Mitochondrial bioenergetic signatures differentiate asymptomatic from symptomatic Alzheimer's disease

Asymptomatic Alzheimer's disease (AsymAD) refers to individuals who, despite exhibiting amyloid-b plaques and tau pathology comparable to Alzheimer's disease (AD), maintain cognitive performance similar to cognitively normal individuals. The resilience mechanism in these AsymAD individual remains understudied. We performed a systematic analysis comparing AsymAD and AD across multiple cohorts (ROSMAP, Banner and Mount Sinai), brain regions (BA6, BA9, BA36 and BA37) and neuronal and glial cell types using proteomics and transcriptomics data. AsymAD brains exhibited preserved mitochondrial bioenergetics, characterized by enhanced oxidative phosphorylation (OXPHOS), electron transport chain (ETC) activity, fatty acid and lipid metabolism, and branched-chain amino acid (BCAA) utilization. Pathways regulating mitochondrial complex biogenesis and calcium homeostasis were also upregulated. Key mitochondrial proteins such as MRPL47, CPT2, BCAT2, and IDH2, were consistently upregulated in AsymAD, whereas MACROD1 was downregulated.
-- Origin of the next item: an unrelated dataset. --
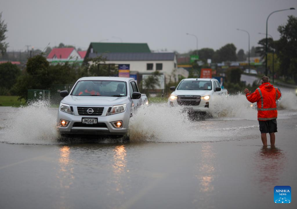 Vehicles drive on a flooded road in Auckland, New Zealand, Feb. 14, 2023. (Photo by Zhao Gang/Xinhua)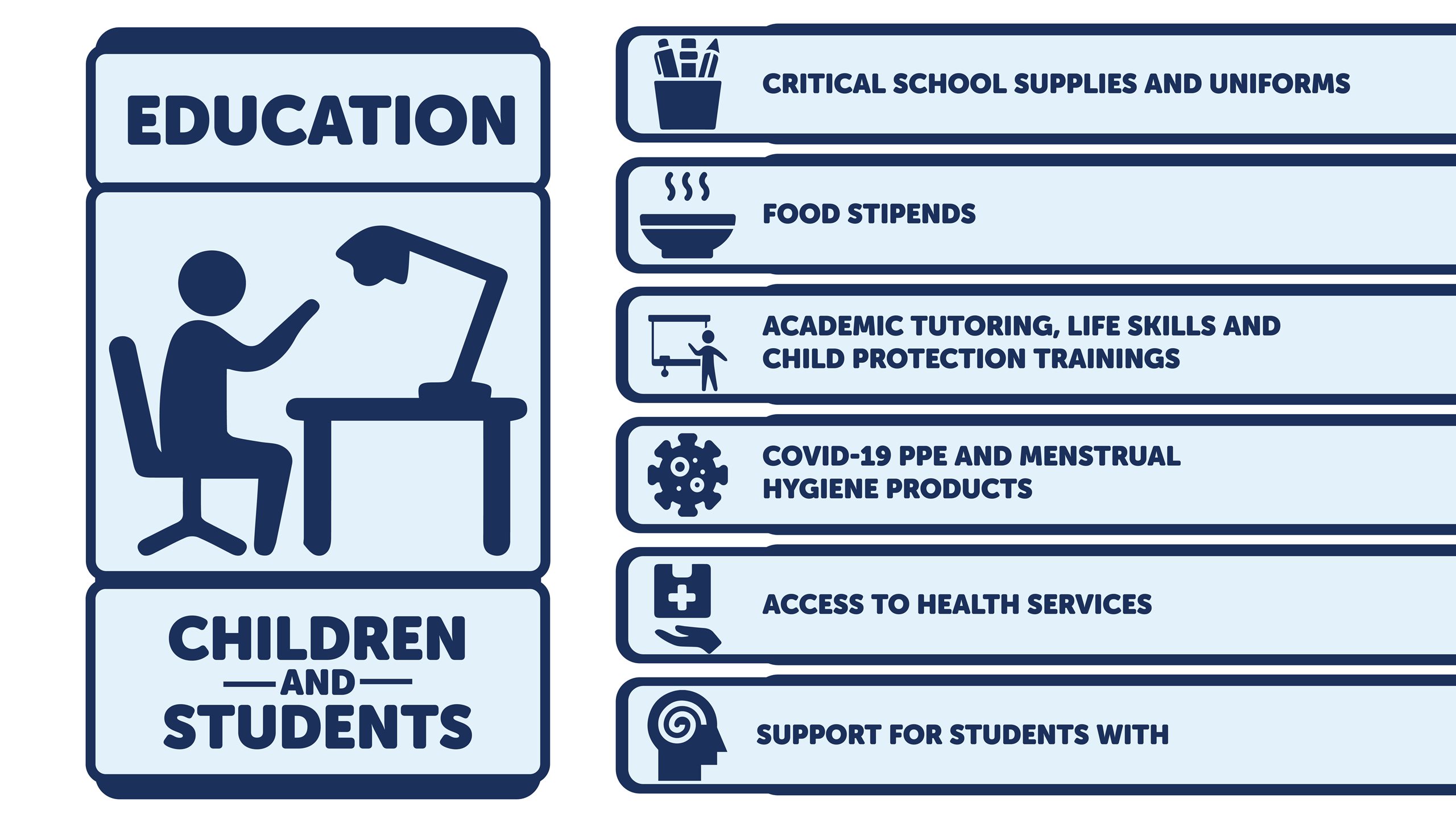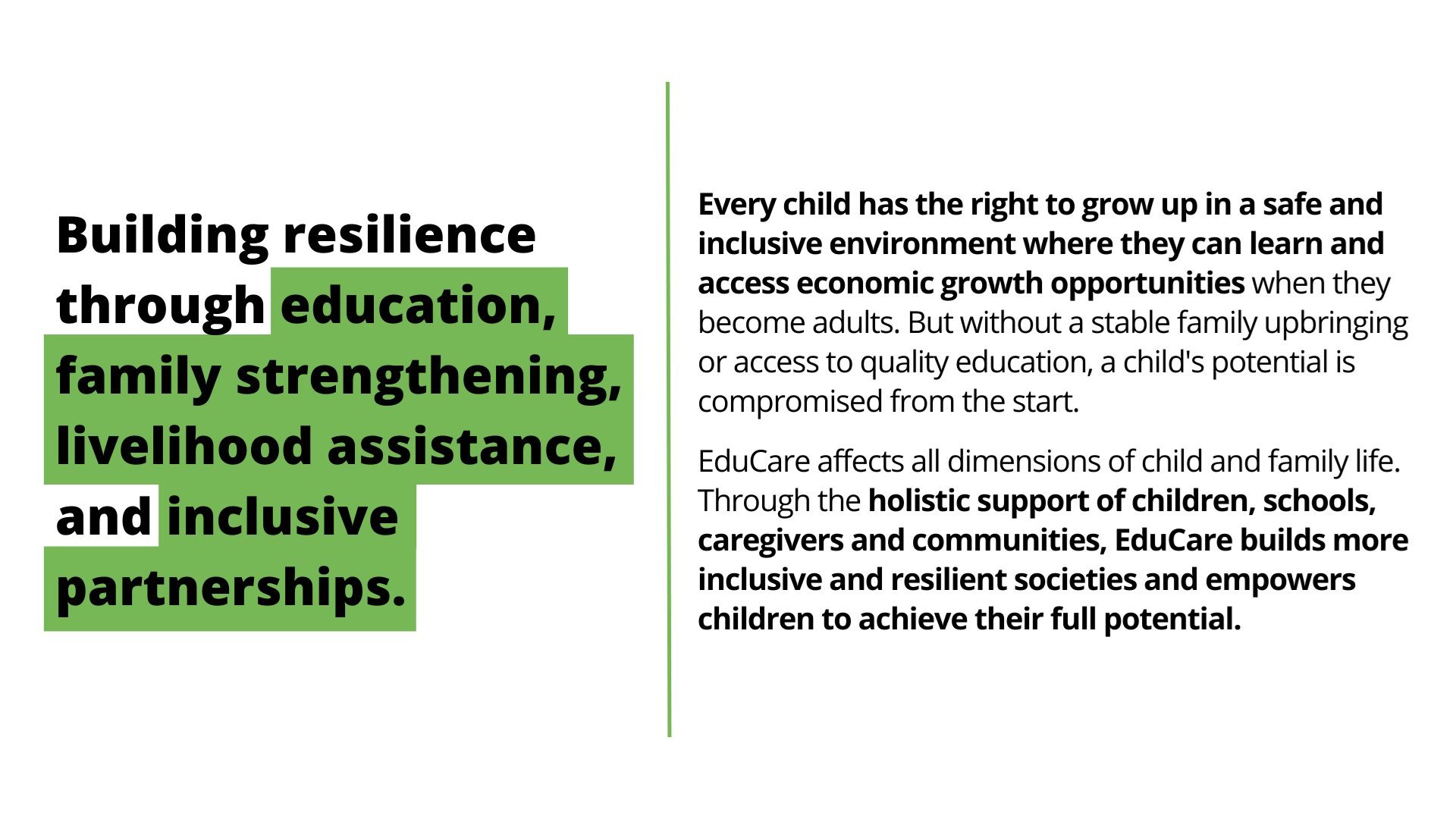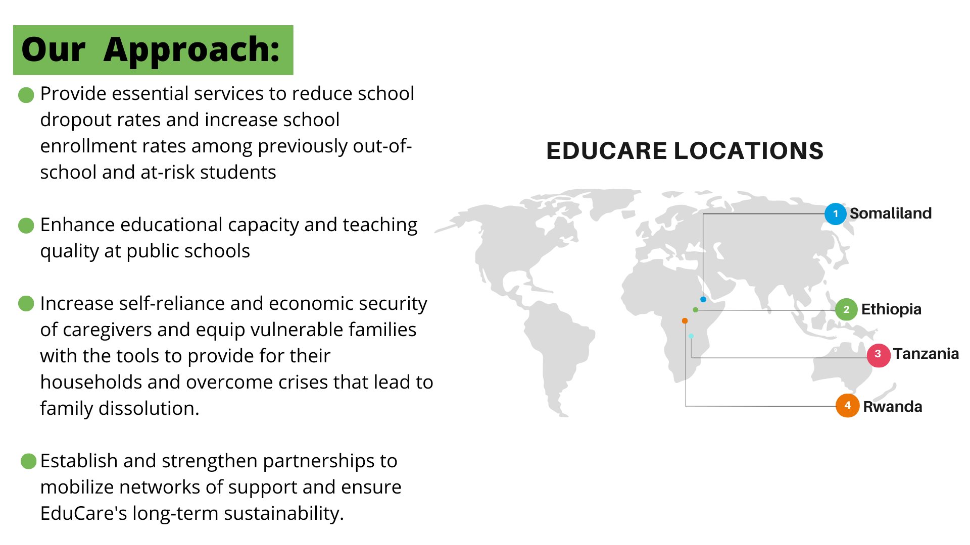Partnership is vital to our work. Strategic investments in EduCare empower thousands of vulnerable children and families every day. Together, we can grow EduCare’s impact in regions beyond East Africa. The program’s holistic approach can be adapted to specifically address numerous key global issues and geographic focus areas.

At the cellular level, excitatory neurons, including superficial, mid-layer, and deep-layer subtypes, exhibited the most preserved mitochondrial function, whereas vulnerable inhibitory subtypes, including PVALB and SST neurons, showed increased cellular abundance and bioenergetic activity. In contrast, microglia and oligodendrocytes proportions were reduced in AsymAD relative to AD. Our findings identify preserved mitochondrial bioenergetics as a defining feature of resilience in AD and suggest that enhancing NADH metabolism via NAD+ precursor-based interventions may potentially help in maintaining cognitive function despite amyloid and tau pathology.